Doch wie zuverlässig ist die KI am Ende? Dieser Frage ging nun ein Team des Dartmouth-Hitchcock Medical Center in den USA nach. Ins Zentrum der Studie geriet dabei ein heikles Phänomen: «Shortcut learning». Lernen in der Schnelldurchwahl. Das heisst: AI-Systeme können genaue Ergebnisse liefern – die aber potenziell überflüssig oder sogar falsch sind.
  • Hill, B.G., Koback, F.L. & Schilling, P.L. «The risk of shortcutting in deep learning algorithms for medical imaging research», in: «Scientific Reports» 14, 29224. November 2024.
  • doi.org/10.1038/s41598-024-79838-6
Mit einer Analyse von mehr als 25'000 Röntgenaufnahmen des Knies stellten die Forscher fest, dass die KI Feinheiten und Störfaktoren aufnahm – um daraus Merkmale «vorherzusagen», die gar keinen medizinischen Bezug hatten. Das System ging also dermassen ins Detail, dass es am Ende Korrelationen sichtete, wo keine sind, und sich daraus etwas zusammenbastelte.

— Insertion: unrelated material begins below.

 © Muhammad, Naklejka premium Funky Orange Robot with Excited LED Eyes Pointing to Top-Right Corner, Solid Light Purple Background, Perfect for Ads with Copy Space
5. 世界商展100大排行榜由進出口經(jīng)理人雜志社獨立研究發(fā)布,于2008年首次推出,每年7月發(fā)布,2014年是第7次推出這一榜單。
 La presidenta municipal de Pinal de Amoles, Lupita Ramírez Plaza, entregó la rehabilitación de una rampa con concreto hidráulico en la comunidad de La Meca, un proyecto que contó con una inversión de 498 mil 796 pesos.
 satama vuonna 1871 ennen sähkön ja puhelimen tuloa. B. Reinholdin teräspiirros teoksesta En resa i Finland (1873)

So meinte die KI genau erkennen zu können, dass ein Knie-Patient eher gebratene Bohnen mag und Bier trinkt – oder nicht. Solche Vorhersagen haben keine klinische Grundlage. Aber in ihrer Detailgenauigkeit kombinierten die Algorithmen falsche Schlussfolgerungen.

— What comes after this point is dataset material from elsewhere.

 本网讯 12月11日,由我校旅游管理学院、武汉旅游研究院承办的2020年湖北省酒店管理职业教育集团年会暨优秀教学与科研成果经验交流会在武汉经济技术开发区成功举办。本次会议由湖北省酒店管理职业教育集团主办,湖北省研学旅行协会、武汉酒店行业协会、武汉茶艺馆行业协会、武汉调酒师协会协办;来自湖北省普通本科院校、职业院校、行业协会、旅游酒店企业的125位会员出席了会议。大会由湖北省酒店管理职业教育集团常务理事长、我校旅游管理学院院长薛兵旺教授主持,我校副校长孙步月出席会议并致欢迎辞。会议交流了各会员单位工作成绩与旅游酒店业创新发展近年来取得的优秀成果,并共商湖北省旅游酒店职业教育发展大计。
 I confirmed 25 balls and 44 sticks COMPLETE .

«Das geht viel weiter als die Verzerrungen («bias»), die man wegen Details bei Herkunft oder Geschlecht macht», sagt Brandon Hill, ein Mitautor der Studie. Der Experte für Machine Learning fügt an: «Wir fanden heraus, dass der Algorithmus sogar dazu neigen kann, das Jahr zu behaupten, in dem eine Röntgenaufnahme gemacht wurde. Das ist bösartig: Wenn Sie ihn hindern, etwas Bestimmtes zu lernen, lernt er einfach etwas anderes, was er davor noch ignoriert hat. Das kann wirklich zu fragwürdigen Behauptungen führen. Man muss sich bewusst werden, wie leicht das bei dieser Technik geschieht.»
Nötig sind also strenge Bewertungsstandards – denn blindes Vertrauen in Algorithmen kann schwerwiegende Fehlinterpretationen nach sich ziehen. Die Forscher weisen darauf hin, dass KI nicht wie ein Mensch wahrnimmt oder konzeptualisiert.
Es sei «fast wie bei einer ausserirdischen Intelligenz», erklärt Hill: Sie löst Aufgaben nach ihren eigenen, für Menschen oft undurchschaubaren Regeln – was einen kritischen Ansatz bei ihrem Einsatz in der Medizin unabdingbar macht.